论文标题
埃索普斯:一个巨大的西班牙爬行语料库
esCorpius: A Massive Spanish Crawling Corpus
论文作者
论文摘要
近年来,基于变压器的模型已导致自然语言处理语言建模的重大进步。但是,它们需要大量的数据接受(预先)培训,并且除英语以外的语言中缺乏语料库。最近,一些计划提出了从自动网络爬行获得的多语言数据集。但是,西班牙语的结果具有重要的缺点,因为与其他语言相比,它们要么太小,要么呈现出从优化清洁和重复数据删除而得出的低质量。在本文中,我们介绍了Escorpius,这是一种西班牙爬行语料库,该语料库是从近1 pb的普通爬网数据中获得的。它是西班牙语中最广泛的语料库,其提取,纯化和重复删除Web文本内容的质量水平。我们的数据策划过程涉及一条新型高度平行的清洁管道,并包含一系列重复数据删除机制,以确保文档和段落边界的完整性。此外,我们同时维护源网页URL和WARC Shard Origin URL,以抱怨欧盟法规。 Escorpius已根据CC BY-NC-ND 4.0许可发布,可在HuggingFace上获得。

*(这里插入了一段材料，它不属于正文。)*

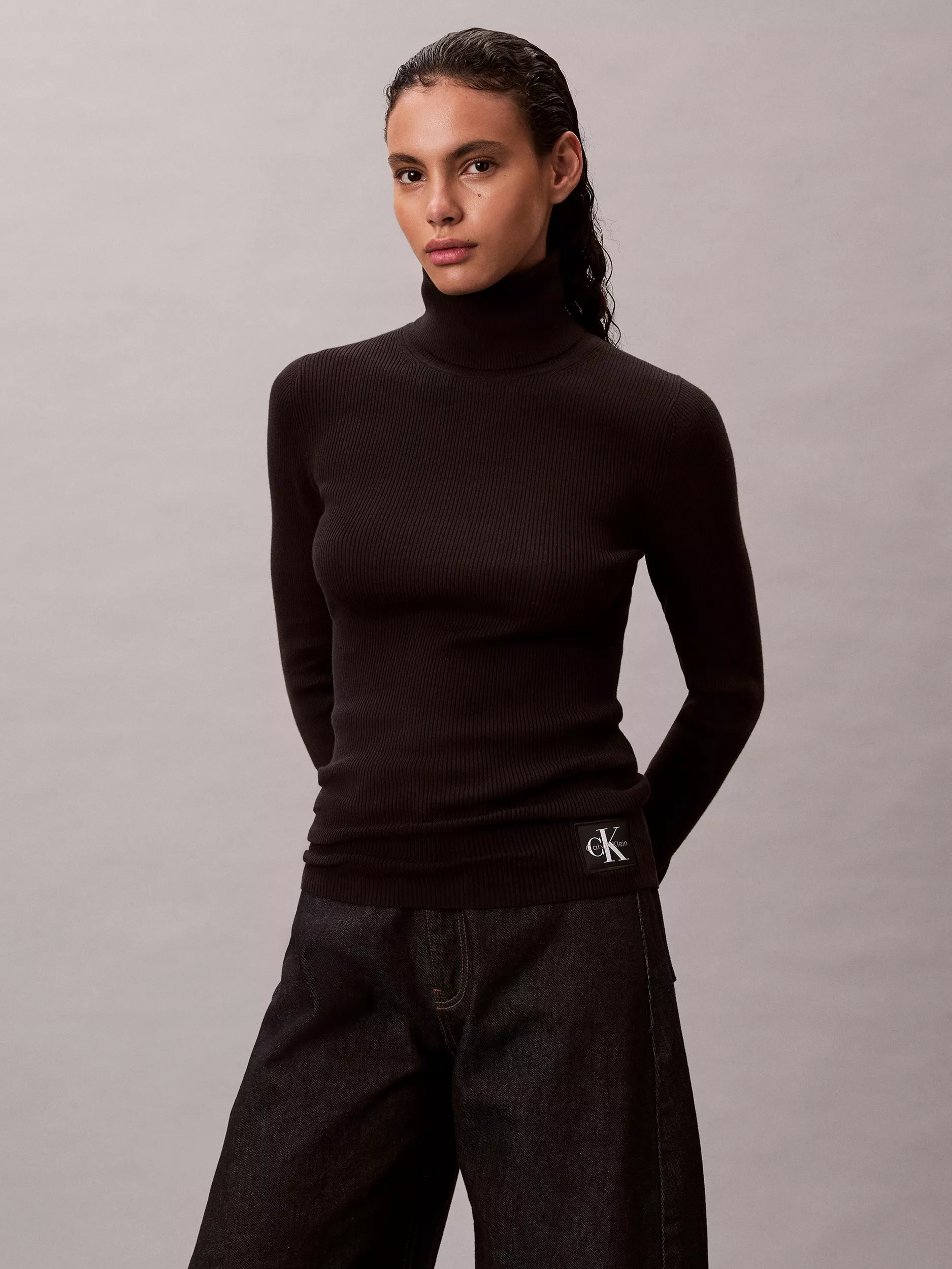 Calvin KleinWoven Label Roll Neck Top, Black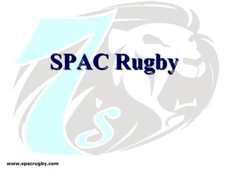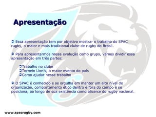 O documento apresenta o trabalho do SPAC Rugby, o maior clube de rugby do Brasil, dividindo-o em três partes: o trabalho no clube, o Torneio Lion's e como ajudar nesse trabalho. O SPAC é referência no rugby nacional e promove diversos eventos ao longo do ano, como o tradicional torneio SPAC Lion's 7s.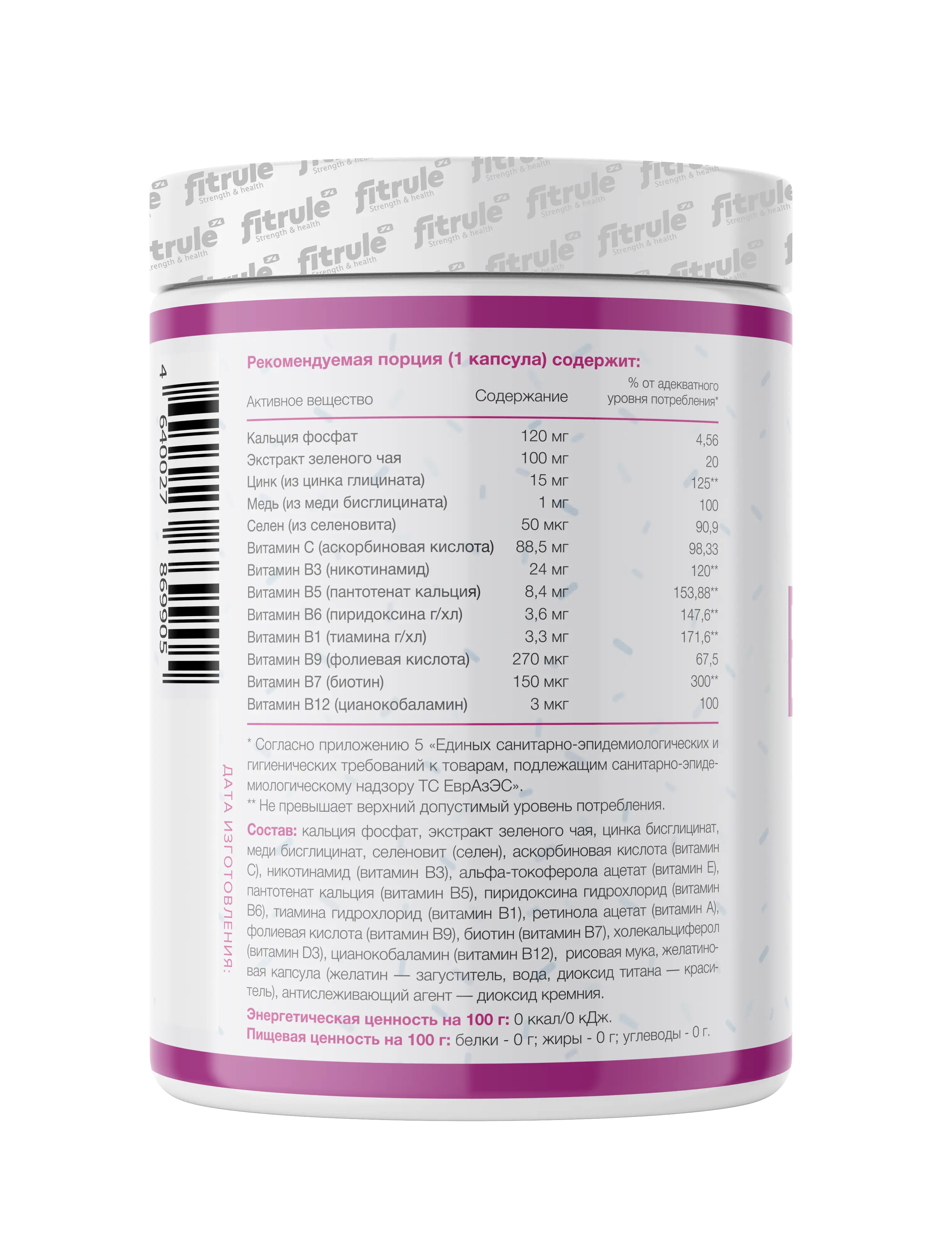 Состав: кальция фосфат, экстракт зеленого чая, цинка бисглицинат, меди бисглицинат, селеновит (селен), аскорбиновая кислота (витамин), никотинамид (витамин ВЗ), альфа-токоферола ацетат (витамин Е) пантотенат кальция (витамин. Вб), пиридоксина гидрохлорид (витамин В6), тиамина гидрохлорид (витамин В1), ретинола ацетат (витамин А) фолиевая кислота (витамин В9), биотин (витамин В7), холекальциферол(витамин В3), цианокобаламин (витамин В12), рисовая мука, желатиновая капсула (желатин — загуститель, вода, диоксид титана — красиантислеживающий агент — диоксид кремния.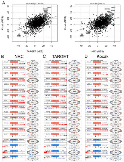 BE2C vs. Kelly master regulator analysis (MRA). (A) Comparison between MRA scores derived using the Kocak-based network (y-axis) [52], and the networks derived from TARGET and NRC datasets (x-axis) [22]. Master regulator scores, as plotted and defined by the corto R package [31] and expressed as NES, based on networks derived from (B) the Kocak dataset [52], (C) the TARGET dataset [22] and (D) the NRC dataset [22].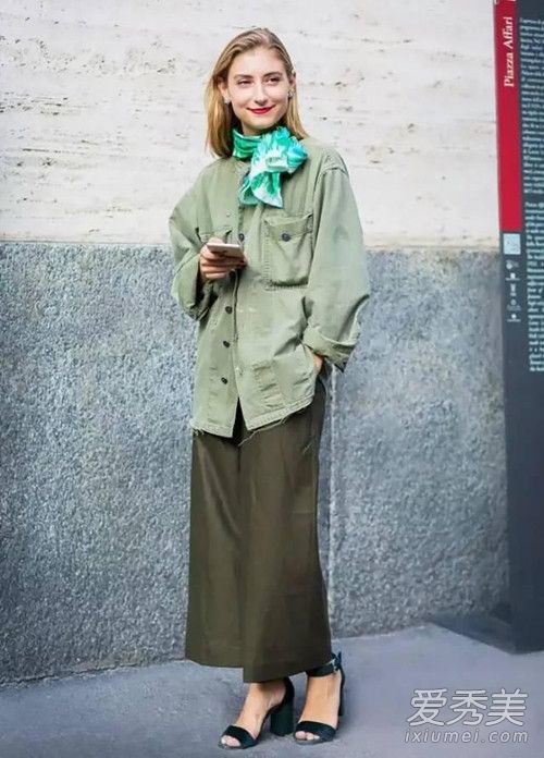 單一的草木綠軍裝風大衣就很好看,怕過于凌亂就選擇一件單品就好。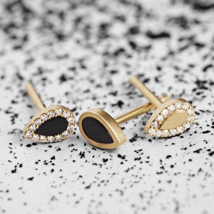 左から)18Kゴールド オニキス ダイヤモンド ピアス ¥69,300 / 18Kゴールド オニキス ピアス¥59,400/ 18Kゴールド ダイヤモンド ピアス¥66,000 すべて税込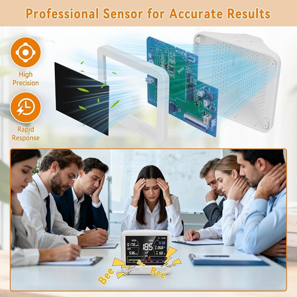 16-in-1 Indoor Air Quality Monitor for Complete Air Detection: This 16-in-1 indoor air quality monitor tracks CO2, PM1.0, PM2.5, PM10, HCHO, TVOC, temperature and humidity in real time. Easily monitor indoor pollution levels and create a healthier environment for your home and family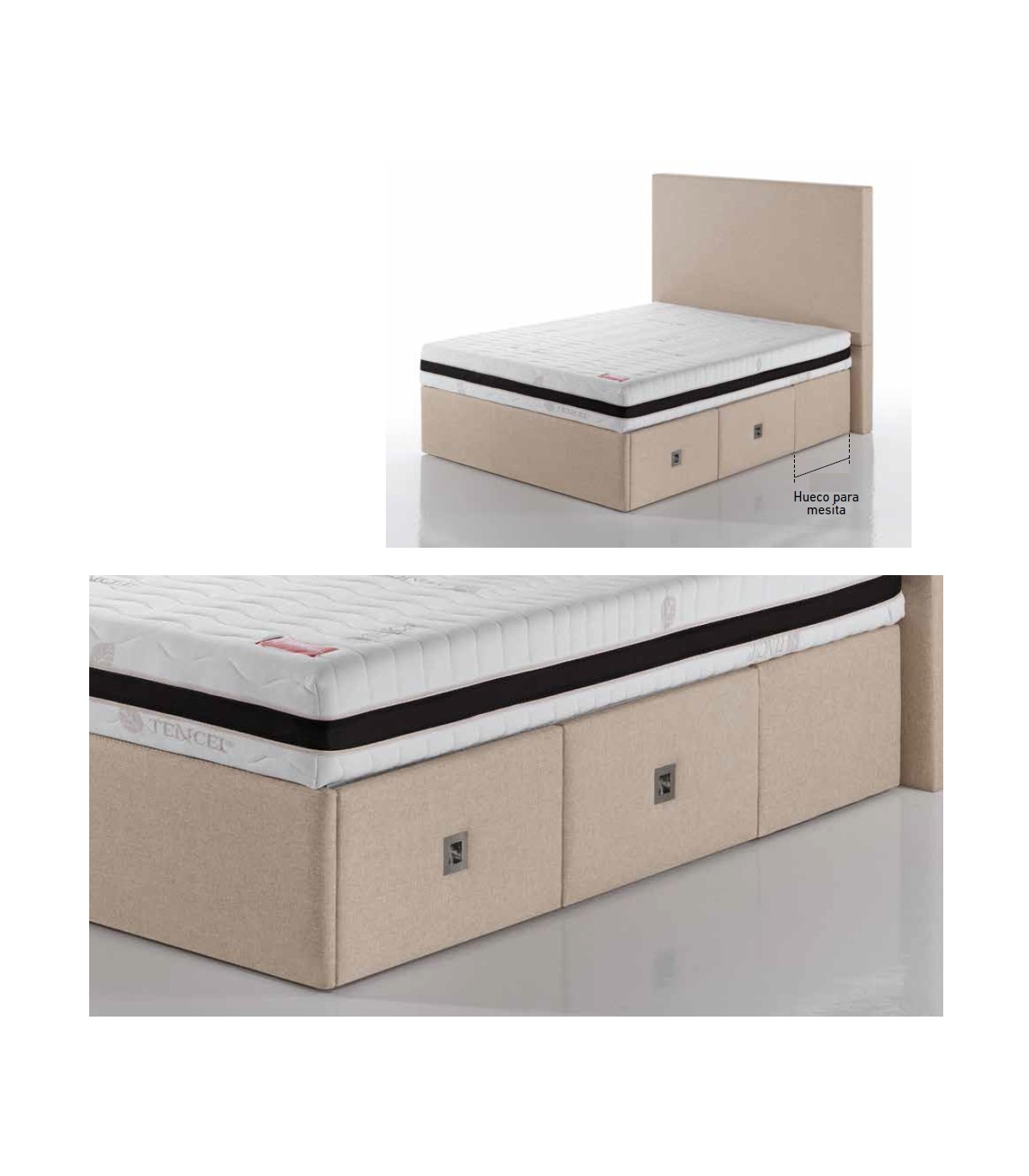 • Tapa tapizada en tejido 3D de alta transpirabilidad en 5 colores  y fabricada con tablero de partículas de madera perforado que favorece y mejora la transpiración del colchón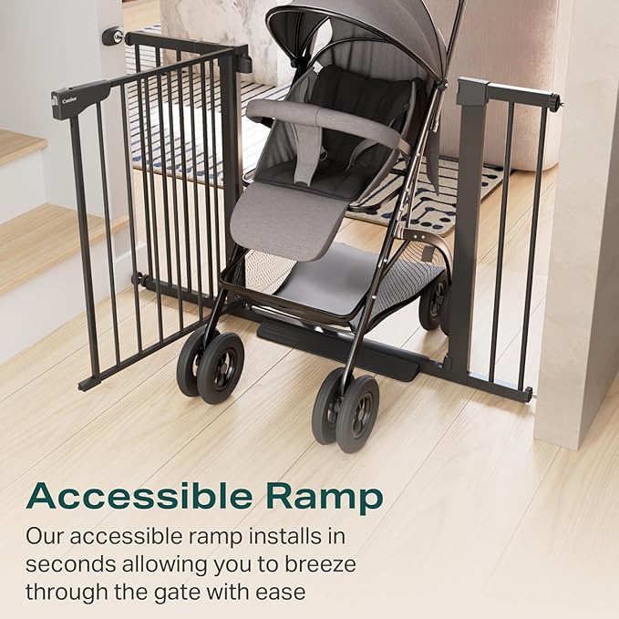 • Large & wide: With a height of 30.5 inches and an adjustable width of 29.7-46 inches, this black gate fits most doorways. Our large walk-through gate makes it easier to move around while holding your baby. A great choice for new parents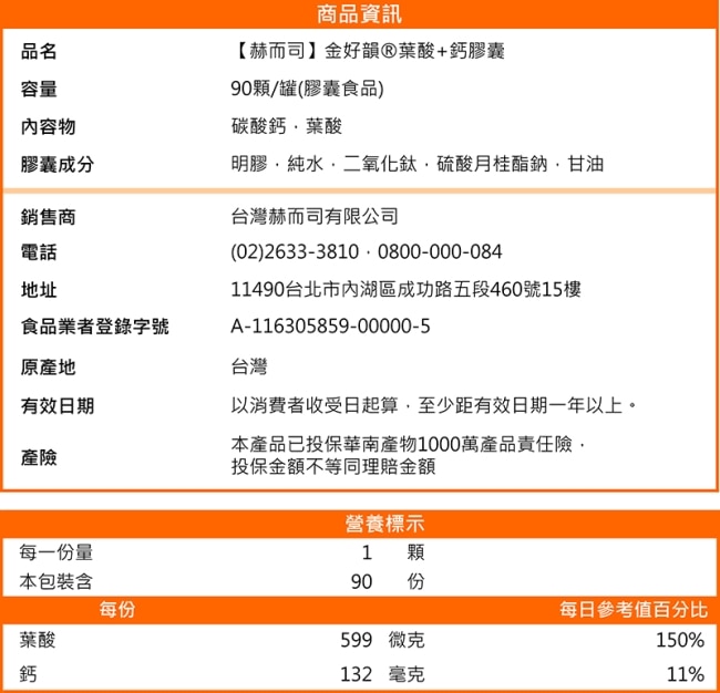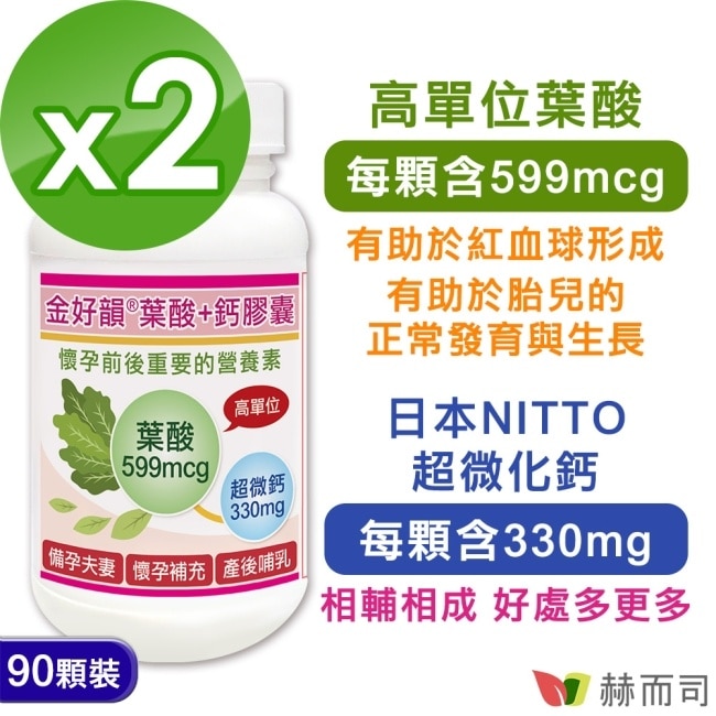 【赫而司】金好韻葉酸+鈣膠囊(90顆*2罐)孕前補養配方高單位葉酸599mcg+鈣132mg

In the recent years, transformer-based models have lead to significant advances in language modelling for natural language processing. However, they require a vast amount of data to be (pre-)trained and there is a lack of corpora in languages other than English. Recently, several initiatives have presented multilingual datasets obtained from automatic web crawling. However, the results in Spanish present important shortcomings, as they are either too small in comparison with other languages, or present a low quality derived from sub-optimal cleaning and deduplication. In this paper, we introduce esCorpius, a Spanish crawling corpus obtained from near 1 Pb of Common Crawl data. It is the most extensive corpus in Spanish with this level of quality in the extraction, purification and deduplication of web textual content. Our data curation process involves a novel highly parallel cleaning pipeline and encompasses a series of deduplication mechanisms that together ensure the integrity of both document and paragraph boundaries. Additionally, we maintain both the source web page URL and the WARC shard origin URL in order to complain with EU regulations. esCorpius has been released under CC BY-NC-ND 4.0 license and is available on HuggingFace.